Densho Digital Archive
Densho Visual History Collection
Title: Mitsuko Hashiguchi Interview
Narrator: Mitsuko Hashiguchi
Interviewer: James Arima
Location: Bellevue, Washington
Date: July 28, 1998
Densho ID: denshovh-hmitsuko-01-0043

<Begin Segment 43>

JA: Can you describe the trip from Pinedale to Tule Lake, then?

MH: Pinedale to Tule Lake.

JA: This time you know your destination. [Laughs]

MH: The old train -- [laughs] -- old train taking us up there again the same old way, going on the siding as often as they feel like going. So it seemed like forever it was taking to us get there and we said, "God, I thought that was right there in Oregon, but golly, it sure is far for something that's in Oregon." But I think that took us another couple days or something to get up there, too, because with all the siding stops they make you can't help that because they said that we're the last on the tracks, that's supposed to be on the track, the others. So it seemed like we were always stopped someplace in the dark, and we weren't supposed to look outside so that was out again. We don't know where we're at.

JA: So again, the shades were drawn.

MH: Yeah, uh-huh.

JA: And, again, what were your first impressions when you got to Tule Lake then other than this Seattle advance group.

MH: Oh, you look at the mountain and you think, "Oh, my God, a big dry mountain.
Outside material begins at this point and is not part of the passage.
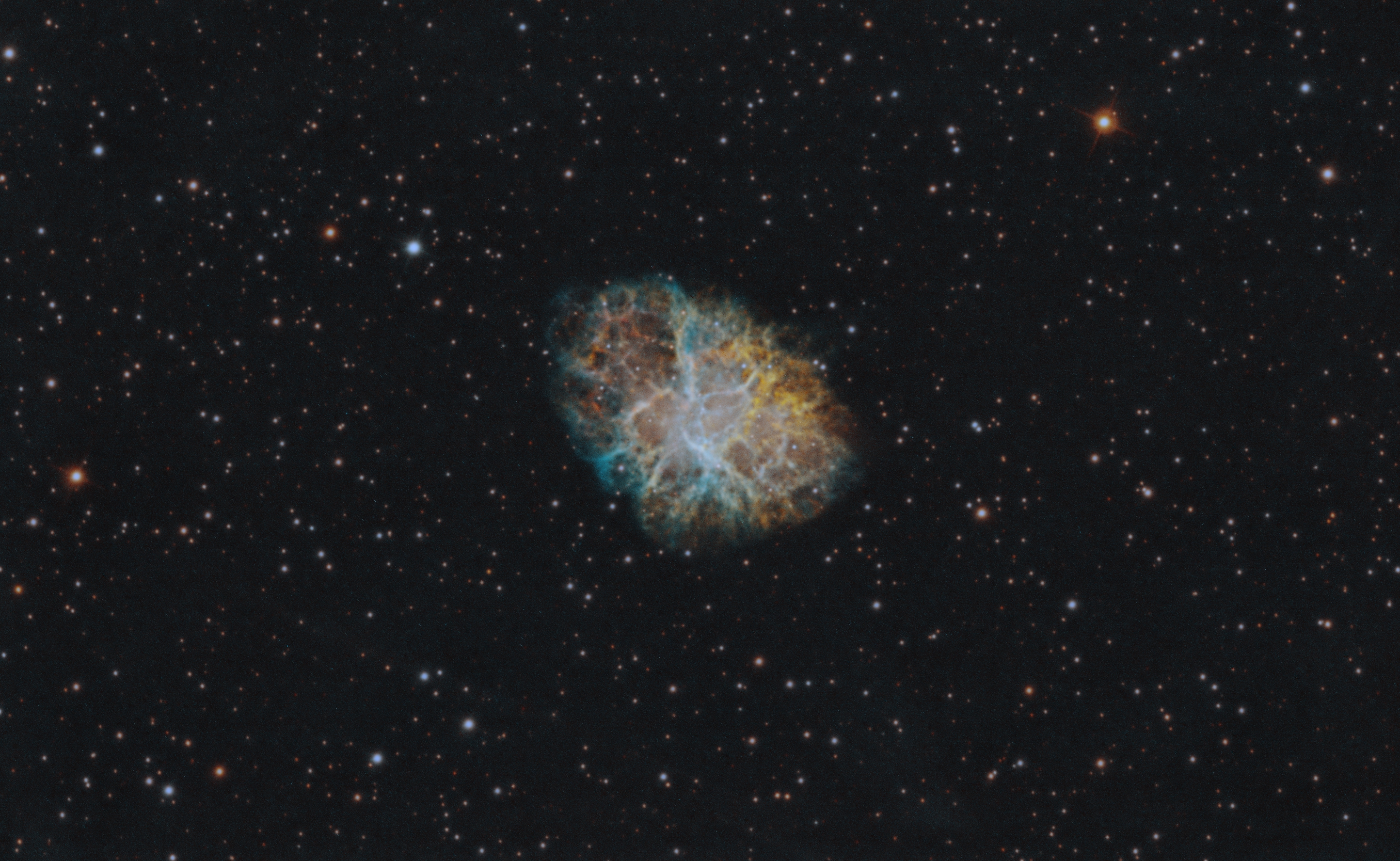 Am 1. Januar und 12. Februar 2017, also genau 15 Jahre nach meiner letzten M1-Aufnahme, versuchte ich mich wieder an diesem Objekt. Diesmal belichtete ich 7,5 Stunden in H-Alpha, im doppelt ionisierten Sauerstoff (O-III) und einfach ionisierten Schwefel (S-II).
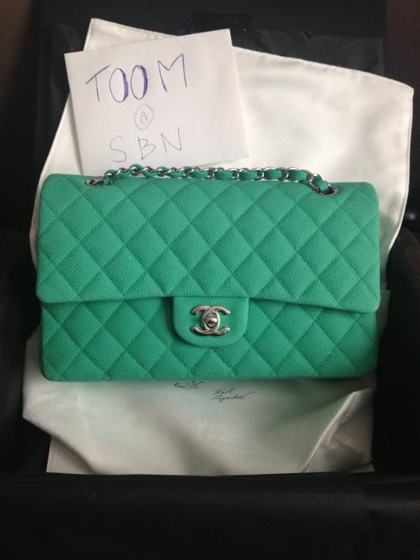 Brand new Chanel classic 10" in Mint Green suede caviar SOLD KA บาทคะ อุปกรณ์ครบ สีสดน่ารักมากๆคะ สีใหม่่ของซีซันนี่เลยคะ

Oh my God, look at what a dusty old place, all sand and everything, dry as could be, hot again," and everything else and the desolate. It just feels like we were in the desert or something like that because it was just dusty. Everywhere we go was dusty, and nothing clean about it, but like I said, it was so well-organized that we didn't have too much to complain about to start with.

JA: So at Pinedale you had the tar floors that were melting...

MH: Yeah, that was really (...) (bad).